*Available data*.
##########
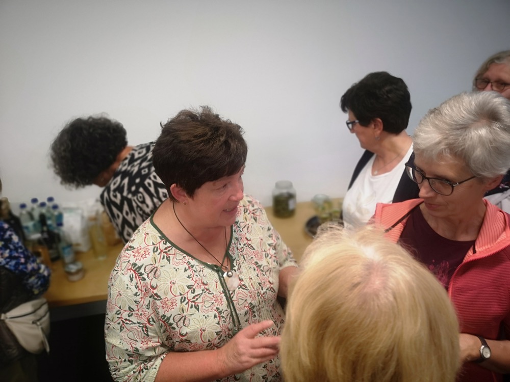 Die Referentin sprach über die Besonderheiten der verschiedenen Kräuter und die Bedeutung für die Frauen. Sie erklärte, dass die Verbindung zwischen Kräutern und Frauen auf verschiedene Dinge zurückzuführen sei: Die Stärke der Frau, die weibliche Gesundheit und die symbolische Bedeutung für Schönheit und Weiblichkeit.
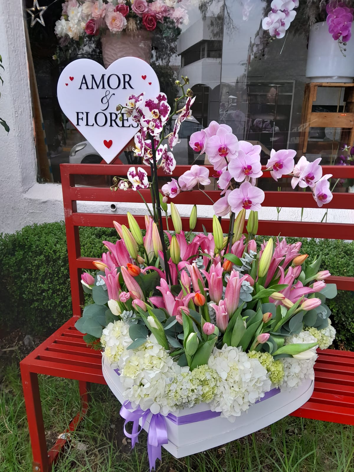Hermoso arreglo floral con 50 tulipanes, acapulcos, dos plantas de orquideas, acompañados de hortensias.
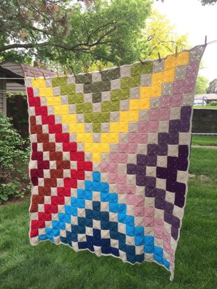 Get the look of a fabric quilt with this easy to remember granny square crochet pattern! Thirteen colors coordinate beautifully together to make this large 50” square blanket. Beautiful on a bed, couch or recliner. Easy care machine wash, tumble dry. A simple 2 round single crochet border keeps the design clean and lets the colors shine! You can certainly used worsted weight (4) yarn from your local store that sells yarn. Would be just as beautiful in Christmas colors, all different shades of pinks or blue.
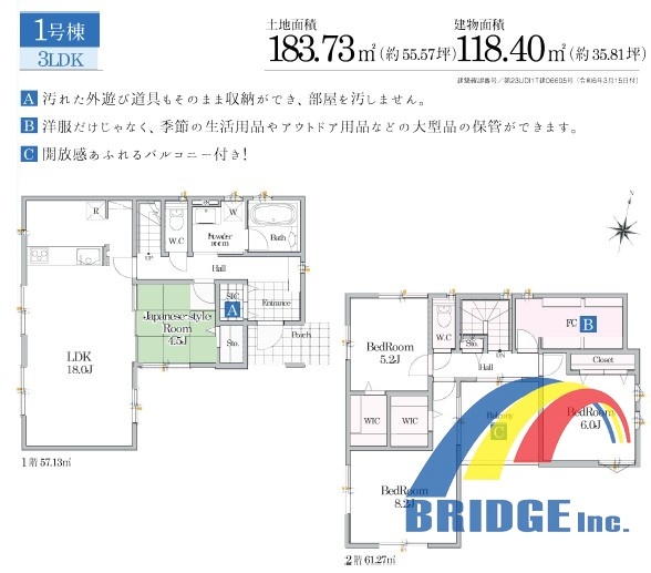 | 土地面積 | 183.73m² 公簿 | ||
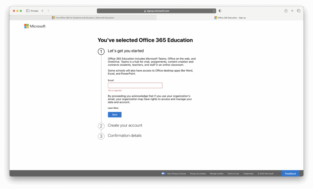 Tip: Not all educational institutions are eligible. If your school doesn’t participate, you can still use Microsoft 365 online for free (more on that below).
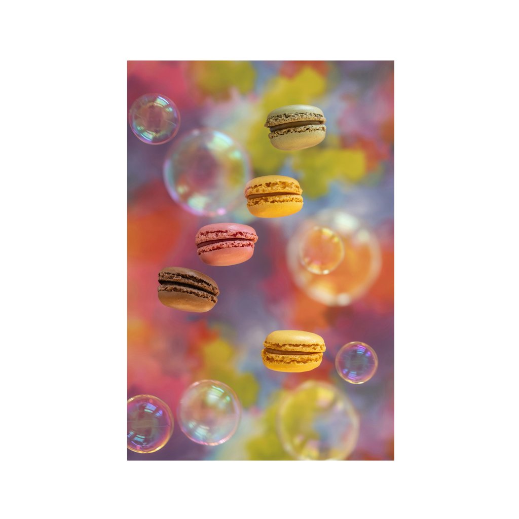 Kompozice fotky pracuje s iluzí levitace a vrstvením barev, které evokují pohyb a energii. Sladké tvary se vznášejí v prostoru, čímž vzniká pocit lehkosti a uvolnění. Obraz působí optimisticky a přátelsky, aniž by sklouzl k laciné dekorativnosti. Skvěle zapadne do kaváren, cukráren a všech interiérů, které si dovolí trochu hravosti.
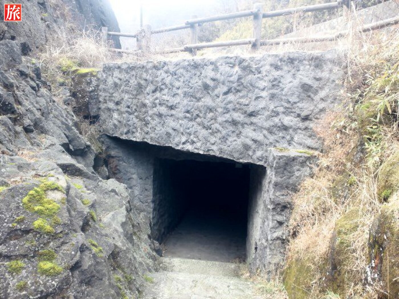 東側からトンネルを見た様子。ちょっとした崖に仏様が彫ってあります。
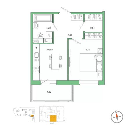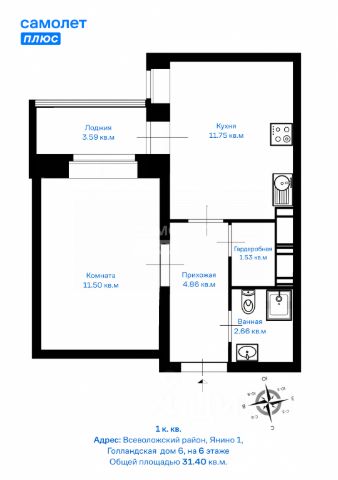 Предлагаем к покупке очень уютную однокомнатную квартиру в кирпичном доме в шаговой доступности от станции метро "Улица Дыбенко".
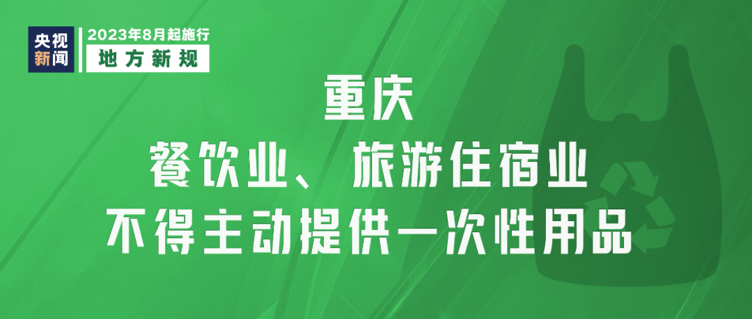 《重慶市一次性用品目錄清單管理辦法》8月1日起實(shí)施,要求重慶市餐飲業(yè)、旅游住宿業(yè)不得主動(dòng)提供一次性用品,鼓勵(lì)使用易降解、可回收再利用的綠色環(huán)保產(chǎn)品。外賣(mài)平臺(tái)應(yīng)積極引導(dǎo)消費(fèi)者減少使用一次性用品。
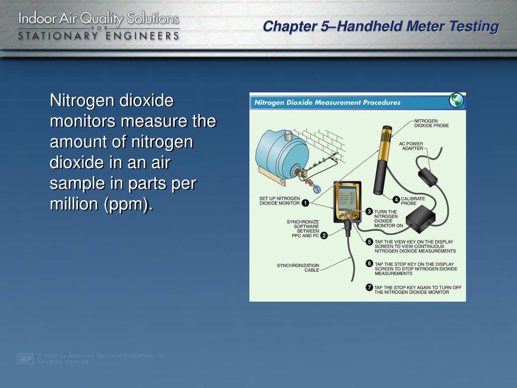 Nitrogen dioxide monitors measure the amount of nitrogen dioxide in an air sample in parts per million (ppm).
##########
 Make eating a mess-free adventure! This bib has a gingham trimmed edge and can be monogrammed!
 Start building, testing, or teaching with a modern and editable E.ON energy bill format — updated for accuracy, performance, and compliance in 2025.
##########
*Instructions for the task*. From the records above, quote word for word only the lines beginning at the line that has "Kompozice fotky pracuje" and stopping after the line that has "Nitrogen dioxide monitors". Omit the pictures.

*Answer area*.
 Kompozice fotky pracuje s iluzí levitace a vrstvením barev, které evokují pohyb a energii. Sladké tvary se vznášejí v prostoru, čímž vzniká pocit lehkosti a uvolnění. Obraz působí optimisticky a přátelsky, aniž by sklouzl k laciné dekorativnosti. Skvěle zapadne do kaváren, cukráren a všech interiérů, které si dovolí trochu hravosti.
 東側からトンネルを見た様子。ちょっとした崖に仏様が彫ってあります。
 Предлагаем к покупке очень уютную однокомнатную квартиру в кирпичном доме в шаговой доступности от станции метро "Улица Дыбенко".
 《重慶市一次性用品目錄清單管理辦法》8月1日起實(shí)施,要求重慶市餐飲業(yè)、旅游住宿業(yè)不得主動(dòng)提供一次性用品,鼓勵(lì)使用易降解、可回收再利用的綠色環(huán)保產(chǎn)品。外賣(mài)平臺(tái)應(yīng)積極引導(dǎo)消費(fèi)者減少使用一次性用品。
 Nitrogen dioxide monitors measure the amount of nitrogen dioxide in an air sample in parts per million (ppm).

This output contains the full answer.